On the financial side, people whose eligibility is based on age (65 and older), blindness, or disability generally follow the income and asset rules of the Supplemental Security Income (SSI) program, rather than the tax-based methodology used for most other Medicaid groups. States also have the option to create “medically needy” pathways that allow people with high medical expenses to qualify by “spending down” their income, essentially subtracting their medical costs until their remaining income falls below the state’s threshold. One important rule to know: if you or your spouse has transferred or sold assets for less than fair market value before applying, there can be a penalty period during which you won’t qualify for long-term care services.
On the clinical side, most waiver programs require that you need a level of care equivalent to what a nursing home or other institution would provide. Each state sets its own assessment process to determine this, and the specific criteria vary depending on whether the waiver targets older adults, people with physical disabilities, people with intellectual or developmental disabilities, or other groups.
Waitlists Can Be Long
Unlike standard Medicaid benefits, states are allowed to cap enrollment in their HCBS waiver programs. When a program fills up, new applicants go on a waiting list. This is one of the biggest practical barriers to getting services. As of a 2015 count, 35 states reported a combined total of more than 640,000 people waiting for HCBS, with average wait times exceeding two years.
Wait times vary dramatically by the type of program. Waivers serving people with HIV/AIDS averaged about four months, while intellectual and developmental disability waivers averaged 43 months, or roughly three and a half years. States also differ in what “being on the list” even means. In some states, like Tennessee and Wisconsin, you must first be clinically assessed and found eligible before joining the waitlist. In others, like Texas and New Mexico, you can get on a list simply by expressing interest, which is why Texas calls it an “interest list” and New Mexico calls it a “registry.”

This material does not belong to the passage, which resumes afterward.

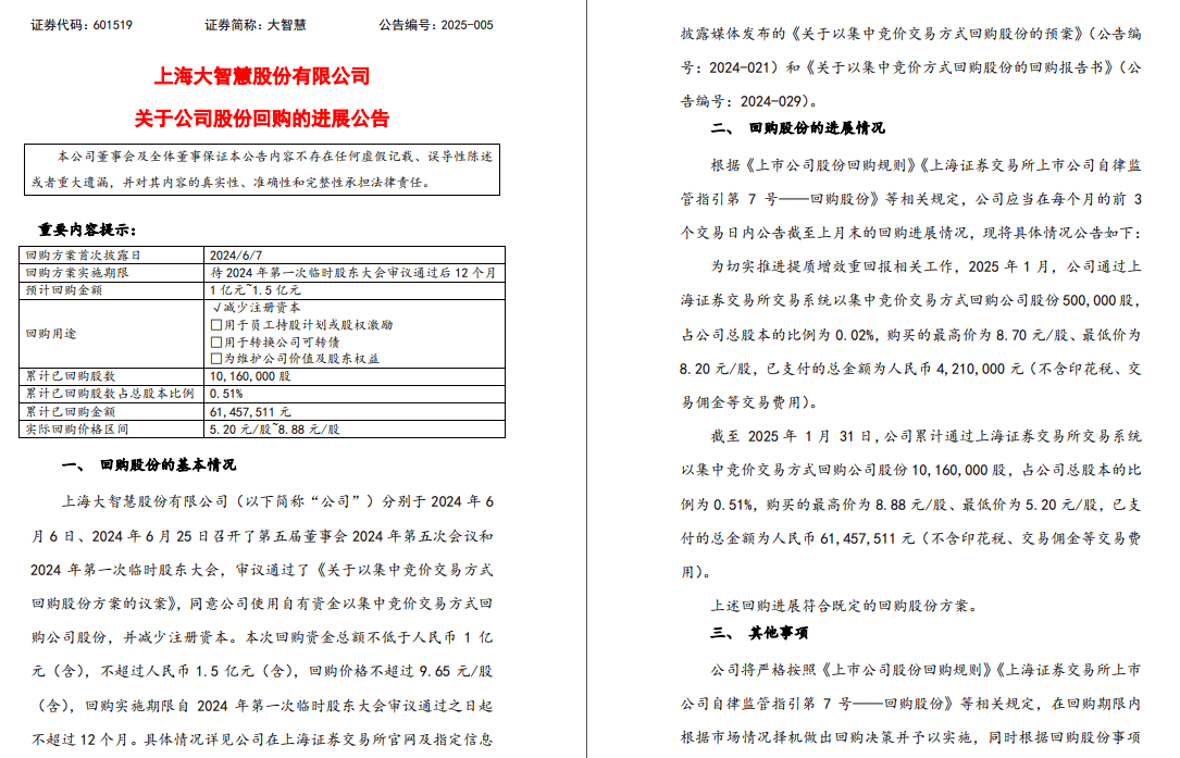上海大聪慧股份无限公司(大聪慧)别离于2024年6月6日、2024年6月25日召开第五届董事会2024年第五次会议和2024年第一次姑且股东大会,审议通过了《关于以集中竞价买卖体例回购股份方案的议案》,同意公司利用自有资金以集中竞价买卖体例回购公司股份,并削减注册本钱。回购资金总额不低于人平易近币1亿元(含),不跨越人平易近币1。5亿元(含),回购价钱不跨越9。65元/股(含),回购实施刻日自2024年第一次姑且股东大会审议通过之日起不跨越12个月。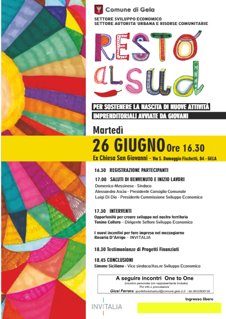 Domani, martedì 26 giugno, si terrà a Gela, alle 16.30 all’ex Chiesa San Giovanni in via S. Damaggio Fischetti n°84, un incontro con Invitalia, organizzato dal Comune di Gela – Settore Sviluppo Economico, per presentare il bando “Resto al Sud” per sostenere la nascita di nuove attività imprenditoriali avviate da giovani tra i 18 e 35 anni.

Self-Directed vs. Agency-Directed Care
Once you’re enrolled, many states let you choose how your services are delivered. The traditional model is agency-directed care: a home care agency assigns workers to you and manages scheduling, training, and payroll. The alternative is self-directed care, which puts you (or a representative you choose) in the driver’s seat.
Self-direction comes with two types of authority. “Employer authority” means you recruit, hire, train, and supervise your own caregivers. “Budget authority” means you have decision-making power over how the Medicaid dollars allocated to your care are spent. You might choose to pay a family member to provide care, hire a neighbor, or allocate funds toward specific services that matter most to you. A system of supports, typically including a financial management service, is available to help you handle the administrative side. Not every state offers self-direction for every waiver, but CMS actively encourages it as a way to promote personal choice.
How to Access Services
The starting point is your state’s Medicaid agency or the local office that handles aging and disability services. Because each state administers its own version of the program, there is no single federal application. In general, the process involves contacting your state Medicaid office, completing a financial eligibility determination, and then undergoing a clinical assessment to establish your level of care needs. If you qualify but the program is full, you’ll be placed on the waitlist.
Many states also operate information hotlines or have “no wrong door” systems designed to connect you with the right program regardless of which agency you call first. The Eldercare Locator (1-800-677-1116), run by the Administration for Community Living, can direct you to local resources in any state. For people with developmental disabilities, contacting your state’s developmental disabilities agency is often the most direct route to the appropriate waiver program.